Mentre giganti come Volkswagen annunciano tagli storici, il dibattito politico si infiamma: le attuali politiche industriali sono la soluzione o parte del problema? Pierfrancesco Maran (Pd/S&D) e Carlo Ciccioli (FdI/Ecr) a confronto sulle sfide della transizione, tra dazi, investimenti e sovranità produttiva hanno evidenziato possibilità e limiti del Vecchio Continente durante la puntata di “Lavori in corso”, formato Adnkronos in diretta dal Parlamento europeo a Strasburgo. Ecco la direzione da prendere per salvare l’industria, secondo i due eurodeputati.
L’automotive europeo al bivio
L’industria automobilistica europea, per decenni fiore all’occhiello dell’economia dell’Ue, sta attraversando una fase di profonda incertezza. I segnali sono inequivocabili: dai 100.000 tagli annunciati da Volkswagen alla riduzione della capacità produttiva di altre storiche fabbriche, la tendenza negativa appare ormai strutturale. In questo scenario, il dibattito si sposta sulle responsabilità delle politiche Ue, sulla revisione degli obiettivi di decarbonizzazione al 2035 e sulle strategie per difendersi dalla concorrenza asiatica.

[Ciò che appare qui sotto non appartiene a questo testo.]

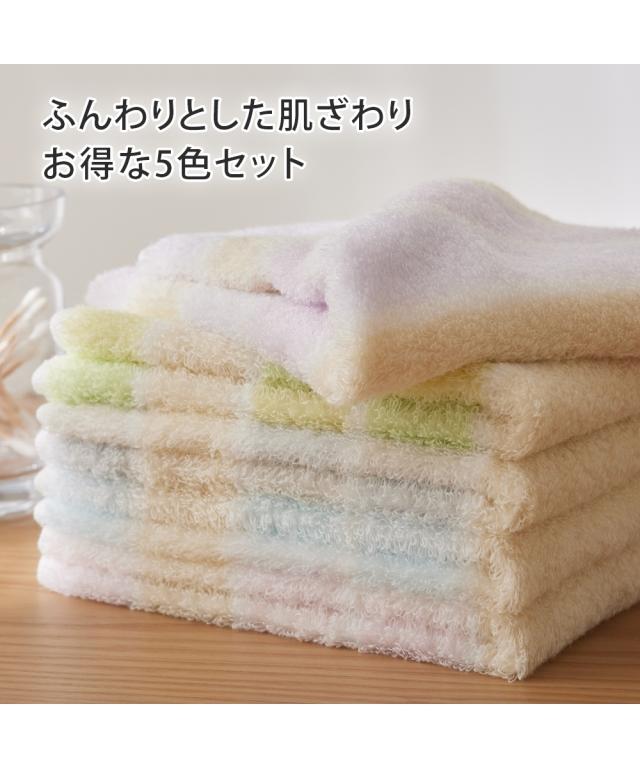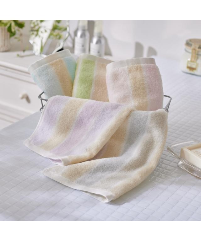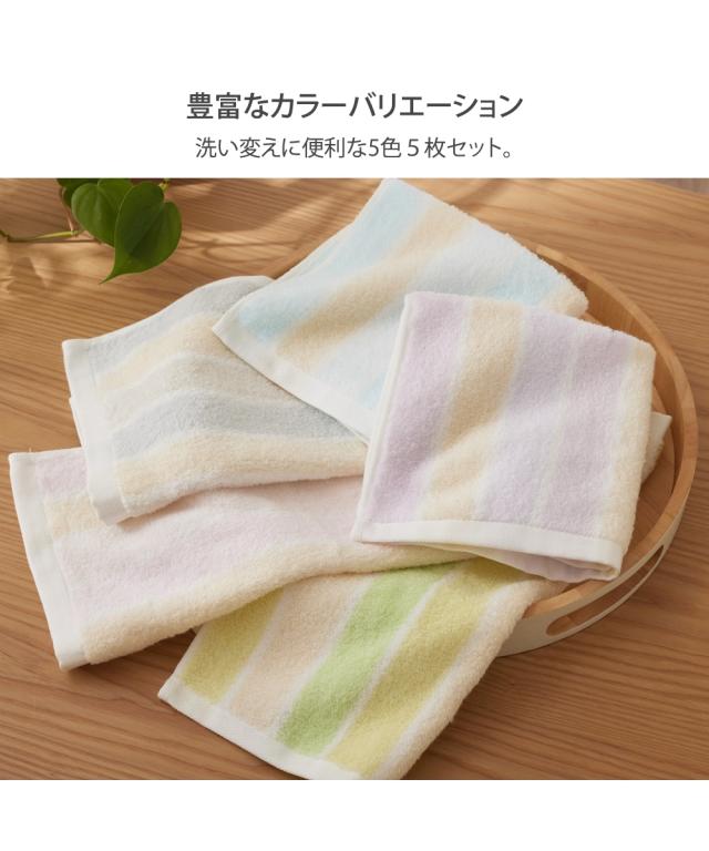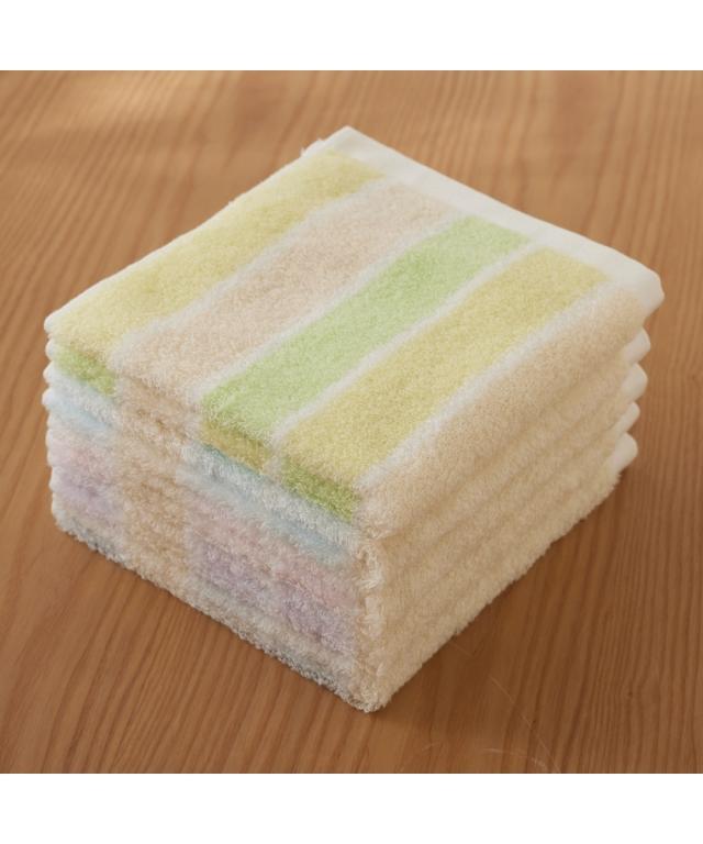 無撚糸めちゃふわストライプ ハンドタオル 5色 5枚セット(34×35)

“Pensare che la crisi dell’automotive sia legata al Green Deal sta nella categoria delle stupidaggini”, chiosa, sottolineando che come italiani le crisi di marchi come Fiat e Stellantis è un “problema progressivo nato da prima”, chiosa Maran, secondo cui il problema risiede in una debolezza strutturale degli investimenti europei. “Siamo soggetti all’aggressione di Stati Uniti e Cina”, spiega, sottolineando come il nuovo bilancio dell’Unione non sembri ancora andare nella direzione indicata dal rapporto sulla competitività stilato da Mario Draghi. Secondo l’esponente dem, l’industria europea ha “abdicato” la fascia delle auto utilitarie, rincorrendo segmenti a costi elevati che oggi pesa sui consumatori.

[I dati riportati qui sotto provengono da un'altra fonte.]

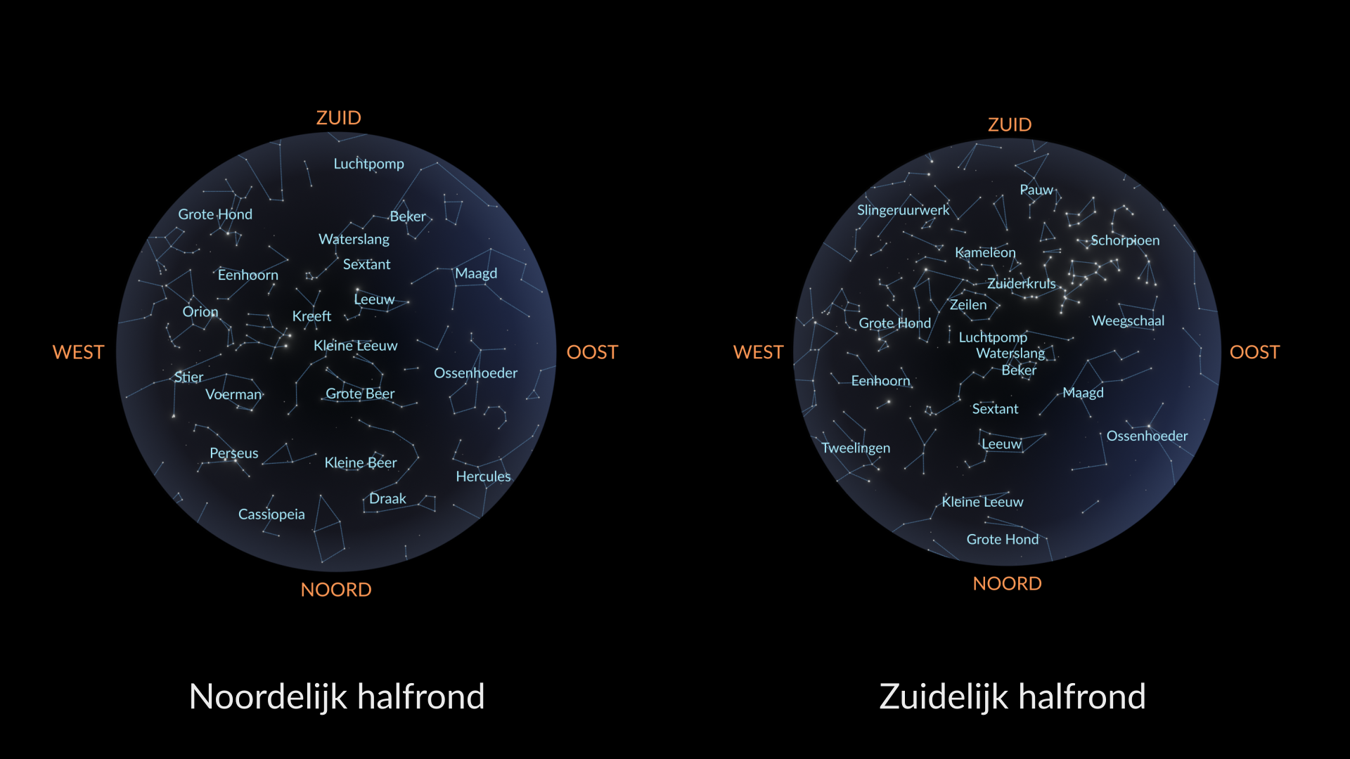 Sommige sterrenbeelden komen op en verdwijnen weer onder de horizon, maar andere gaan nooit onder. Die heten circumpolair — op het noordelijk halfrond zie je ze in het noorden. De circumpolaire sterrenbeelden van het zuidelijk halfrond bevinden zich in het zuiden.

Di parere diverso è Ciccioli, che individua una radice più profonda e “culturale” nella crisi attuale. L’eurodeputato accusa l’Ue di aver agito con una sorta di “monopolio del pensiero”, producendo regolamenti e procedure tecniche che hanno depotenziato il continente mentre Stati Uniti e Cina puntavano su pragmatismo e capitalismo. “Bisogna fare autocritica”, afferma, paragonando l’attuale pianificazione economica europea a quella fallimentare dell’Unione Sovietica: “Senza un sussulto dell’Europa, il rischio è il declino industriale definitivo”.
La sfida cinese e il ruolo del Green Deal
Se da un lato Ciccioli riconosce che le revisioni dei piani industriali siano “sacrosante” e che la crisi non dipenda esclusivamente dal Green Deal, dall’altro riconosce come l’Europa si sia imposta regole che i competitor globali non hanno mai adottato. La Cina, in particolare, beneficia di un sistema chiuso, con basso costo del lavoro e una strategia lungimirante sull’approvvigionamento di materie prime in Africa, ed esporta a prezzi anticoncorrenziali i prodotti risultanti. “Non sono convinto che il tema sia relativo alle norme ambientali”, controbatte Maran, individuando come errore strategico di aziende come Volkswagen l’aver pensato di vendere auto elettriche ai cinesi, che ora le producono meglio e a costi inferiori.
Verso una soluzione: “Buy European” e nuove alleanze
Cosa fare? Le ricette per uscire dallo stallo divergono sensibilmente tra i due interlocutori. La proposta di Maran è puntare sull’“Industrial Accelerator Act“ e sulla clausola del “Buy European”, secondo cui un’auto può essere definita europea solo se almeno il 70% dei suoi componenti è prodotto in Europa. Maran propone inoltre di sostenere il mercato attraverso il “social leasing” per rendere le utilitarie elettriche accessibili anche ai lavoratori, riducendo la dipendenza dai componenti importati da paesi extra-Ue come Turchia o Serbia.
Per Ciccioli, oltre a misure difensive come i dazi che considera utili ma non risolutivi, la strada è intraprendere una “rivoluzione politico-culturale” che mobiliti le nuove generazioni. La chiave strategica sarebbe la creazione di un asse con l’Africa, aggiunge, citando il Piano Mattei come strada maestra per un patto equilibrato che restituisca all’Europa un ruolo centrale nello scacchiere globale.
La sfida per l’Unione europea è ora quella di passare dalla difesa all’attacco, conclude Maran: l’Europa deve smettere di considerarsi solo “la fiaccola di una grande storia” e iniziare a produrre un meccanismo industriale più forte, capace di competere con i giganti globali. La strada è tracciata dai rapporti Draghi e Letta; resta da vedere se gli Stati membri avranno la forza politica di applicarla.